Several neuroimaging techniques including voxel-based morphometry (VBM, Etgen et al. 2005; Unrath et al. 2007; Connor et al. 2010; Hornyak et al. 2007), diffusion tensor imaging (DTI, Unrath et al. 2008), functional magnetic resonance imaging (fMRI, Bucher et al. 1997; Margariti et al. 2012; Astrakas et al. 2008; Spiegelhalder et al. 2008), positron emission tomography (PET, Turjanski et al. 1999; Ruottinen et al. 2000; Cervenka et al. 2006; von Spiczak et al. 2005), and single photon emission computed tomography (SPECT, Michaud et al. 2002; Staedt et al. 1993, 1995a) support these pathophysiological considerations by showing changes in the thalamus (Bucher et al. 1997; Etgen et al. 2005; Astrakas et al. 2008; Unrath et al. 2008; Margariti et al. 2012), cerebellum (Bucher et al. 1997; Margariti et al. 2012), brainstem (Bucher et al. 1997), basal ganglia or dopaminergic system (Staedt et al. 1993, 1995a; Turjanski et al. 1999; Ruottinen et al. 2000; Michaud et al. 2002; Cervenka et al. 2006; Astrakas et al. 2008), premotor, primary or higher order motor or somatosensory brain regions (Unrath et al. 2007, 2008; Margariti et al. 2012), and the limbic system (Astrakas et al. 2008; Margariti et al. 2012). However, the results remain conflicting and numerous other studies show no brain changes in patients with idiopathic RLS using diverse neuroimaging techniques (Trenkwalder et al. 1999; Eisensehr et al. 2001; Tribl et al. 2004; Celle et al. 2010; Comley et al. 2012; Rizzo et al. 2012) or histological evaluation (Earley et al. 2009).
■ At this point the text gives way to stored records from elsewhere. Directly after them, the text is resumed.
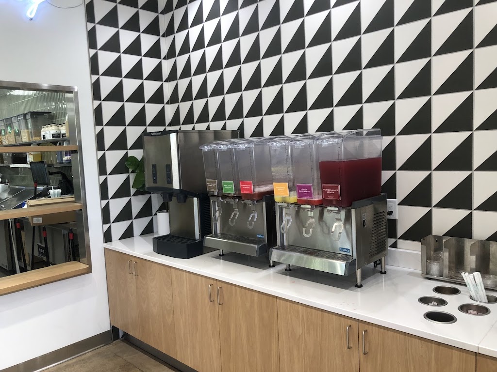 They were out of the pineapple ginger drink. I asked the cashier if they could refill it. She didn’t have a clue. I went up later to ask about it and asked for the manager, but they were too busy. The cashier came out when we are finished with our meal and said they couldn’t refill it. We tasted the other others, they tasted like mildly flavored water. At four dollars a pop I would expect a little more. we had a wrap, they were just OK. I’ve had much better.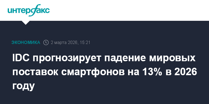 IDC прогнозирует падение мировых поставок смартфонов на 13% в 2026 году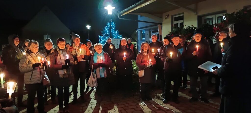 Reute – Bei der Lichterprozession zu Ehren der Guten Beth am Freitagabend (24.11.) fanden sich neben zahlreichen Franziskanerinnen mit Generaloberin Maria Hanna und Klosterpfarrer Ulrich Steck an der Spitze auch Pfarrer Stefan Werner und viele Gläubige aus der gesamten Seelsorgeeinheit ein. Start war bei der neu errichteten Gut-Betha-Stele am Dorfplatz Reute.

Diffusion tensor imaging is an MRI technique that enables noninvasive, in vivo visualization of white matter microstructural or functional changes. Voxel-based morphometry offers the opportunity to investigate subtle changes in gray matter volume. Both techniques have been applied successfully to several neurodegenerative disorders, providing insight in the underlying pathophysiology of these conditions (Kaufmann et al. 2002; Brenneis et al. 2005; Salat et al. 2008; Knake et al. 2010a; Unger et al. 2010; Menzler et al. 2011, 2012).

The aim of this study was to investigate the changes of white matter diffusion parameters and gray matter volume in the brains of patients with iRLS using whole-head DTI and VBM combined with a hypothesis-free analysis approach in order to gain information on the pathophysiology of iRLS.

Patients and Methods

Patients

Twelve patients fulfilling the International Restless Legs Syndrome Study Group (IRLSSG) diagnostic criteria for iRLS (Allen et al. 2003) and 12 age- and sex-matched healthy control subjects were included in the study. All patients were recruited in our outpatient clinic, where secondary forms of RLS were excluded. The iRLS group consisted of nine women and three men with a mean age of 58.5 (±8.35) years and a mean disease duration of 12.1 (±8.74) years. Four of the 12 patients had a positive family history for RLS. Five patients were treated with L-dopa and three with pramipexole at the time of image acquisition. One patient had discontinued lisuride in 2007 and the remaining three patients were drug naïve. Clinical Global Impression ratings (CGI; 1 = normal to 6 = very severe) revealed that six patients suffered from moderate RLS (CGI = 4) and six patients from severe RLS (CGI = 5).

None of the patients showed evidence of additional neurological or psychiatric diseases on neurological examination. Iron, ferritin, transferrin saturation, and soluble transferrin receptor were within the normal range.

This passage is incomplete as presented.